* _Task to complete_
What is needed is an exact copy of every line from the one containing "Zestaw kuchenny Klausberg" through the end of the entries; please set it down without any pictures.

* _Listed records_
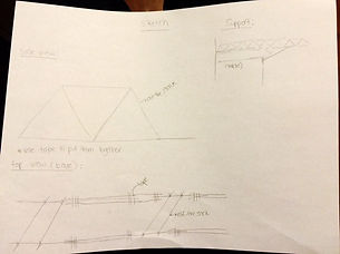 Ideas behind the Structure: The bridge originally started out as two support beams connected by cross sections. The support beams were made by connecting three skewers together, with the middle skewer staggered upward so two more skewers could be connected without having more than three touching at a time. We thought this would make them stronger than if the support beams were just single skwers. Half skewers were connected in between them and everything was connected with masking tape. For the base, it was initally taped down to the desk but then we added 2 skewers from under the desk at an angle to the bridge as well to keep the bridge elevated off the ground longer.
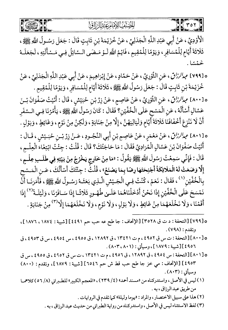 801- عبد الرزاق، عَنْ مَعْمَرٍ، عَنْ عَاصِمِ بْنِ أَبِي النَّجُودِ، عَن زِرِّ بْنِ حُبَيْشٍ، قَالَ: أَتَيْتُ صَفْوَانَ بن عَسَّالٍ المُرَادِيَّ، فَقَالَ: مَا حَاجَتُكَ؟ قَالَ: قُلْتُ: جِئْتُ أَبْتَغِاء الْعِلْمَ، قَالَ: فَإِنِّي سَمِعْتُ رَسُولَ اللهِ صَلَّى اللهُ عَلَيْهِ وَسَلَّمَ يَقُولُ: مَا مِنْ خَارِجٍ يَخْرُجُ مِنْ بَيْتِهِ فِي طَلَبِ عِلْمٍ، إِلاَّ وَضَعَتْ لَهُ المَلاَئِكَةُ أَجْنِحَتَهَا رِضًى بِمَا يَصْنَعُ، قُلْتُ: جِئْتُكَ أَسْأَلُكَ عَنِ المَسْحِ بالْخُفَّيْنِ، فَقَالَ: نَعَمْ، كُنْتُ فِي الْجَيْشِ الَّذِي بَعَثَهُ رَسُولُ اللهِ صَلَّى اللهُ عَلَيْهِ وَسَلَّمَ، فَأَمَرَنَا أَنْ نَمْسَحَ عَلَى الْخُفَّيْنِ إِذَا نَحْنُ أَدْخَلْنَاهُمَا عَلَى طُهُورٍ ثَلاَثًا، إِذَا سَافَرْنَا وَلَيْلَةً إِذَا أَقَمْنَا، وَلاَ نَخْلَعُهُمَا مِنْ غَائِطٍ وَلاَ بَوْلٍ وَلاَ نَوْمٍ، وَلاَ نَخْلَعُهُمَا إِلاَّ مِنْ جَنَابَةٍ.
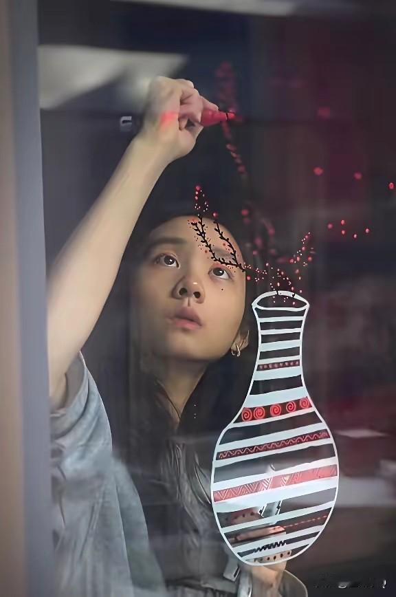 黄多多也太有才了!黄磊的女儿黄多多回来过年,自己动手画窗花,镜头下的她长发披肩
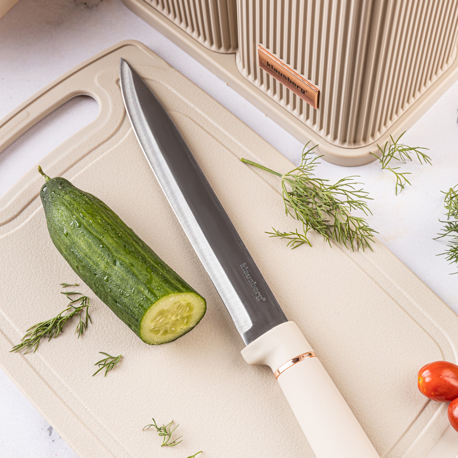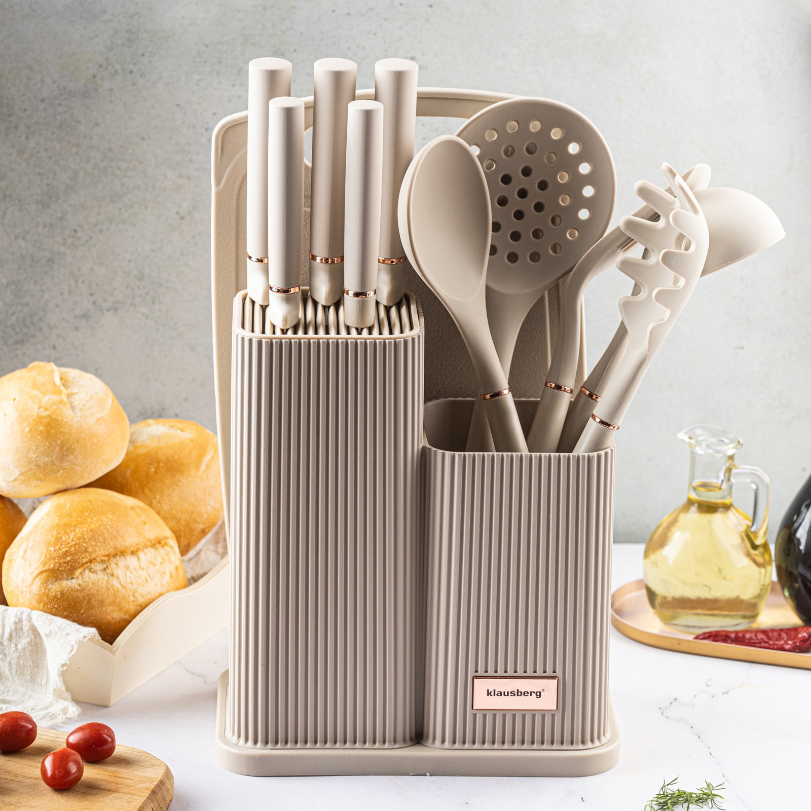 Zestaw kuchenny Klausberg to eleganckie i funkcjonalne wyposażenie każdej kuchni. W nowoczesnym beżowym kolorze, z miękkim wykończeniem i praktycznym stojakiem, zestaw ten łączy styl z wygodą. Zawiera wszystko, czego potrzebujesz do codziennego gotowania – od noży ze stali nierdzewnej po silikonowe przybory odporne na wysoką temperaturę.
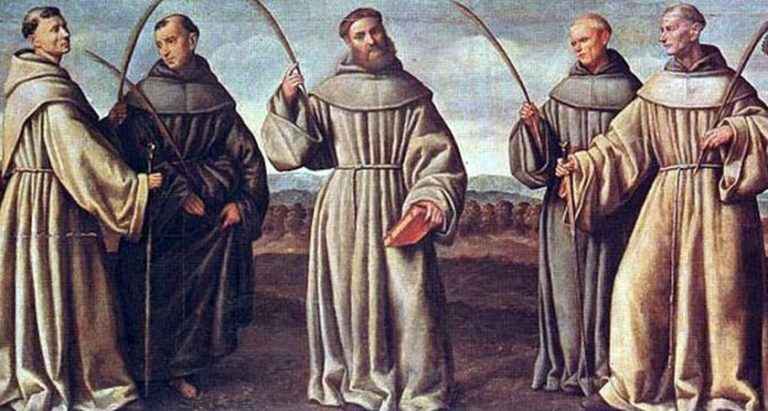 O irmão Elias de Cortona era o superior da Ordem, em 1227, quando os sete franciscanos viajaram da Itália para a Espanha, desejosos de transferirem-se para o Marrocos, na África, onde pretendiam converter os muçulmanos. Era um período de grande entusiasmo missionário nas jovens ordens franciscanas, fortalecidas pela memória de são Francisco, que morrera no ano anterior.

* _Solution below_
 Zestaw kuchenny Klausberg to eleganckie i funkcjonalne wyposażenie każdej kuchni. W nowoczesnym beżowym kolorze, z miękkim wykończeniem i praktycznym stojakiem, zestaw ten łączy styl z wygodą. Zawiera wszystko, czego potrzebujesz do codziennego gotowania – od noży ze stali nierdzewnej po silikonowe przybory odporne na wysoką temperaturę.
 O irmão Elias de Cortona era o superior da Ordem, em 1227, quando os sete franciscanos viajaram da Itália para a Espanha, desejosos de transferirem-se para o Marrocos, na África, onde pretendiam converter os muçulmanos. Era um período de grande entusiasmo missionário nas jovens ordens franciscanas, fortalecidas pela memória de são Francisco, que morrera no ano anterior.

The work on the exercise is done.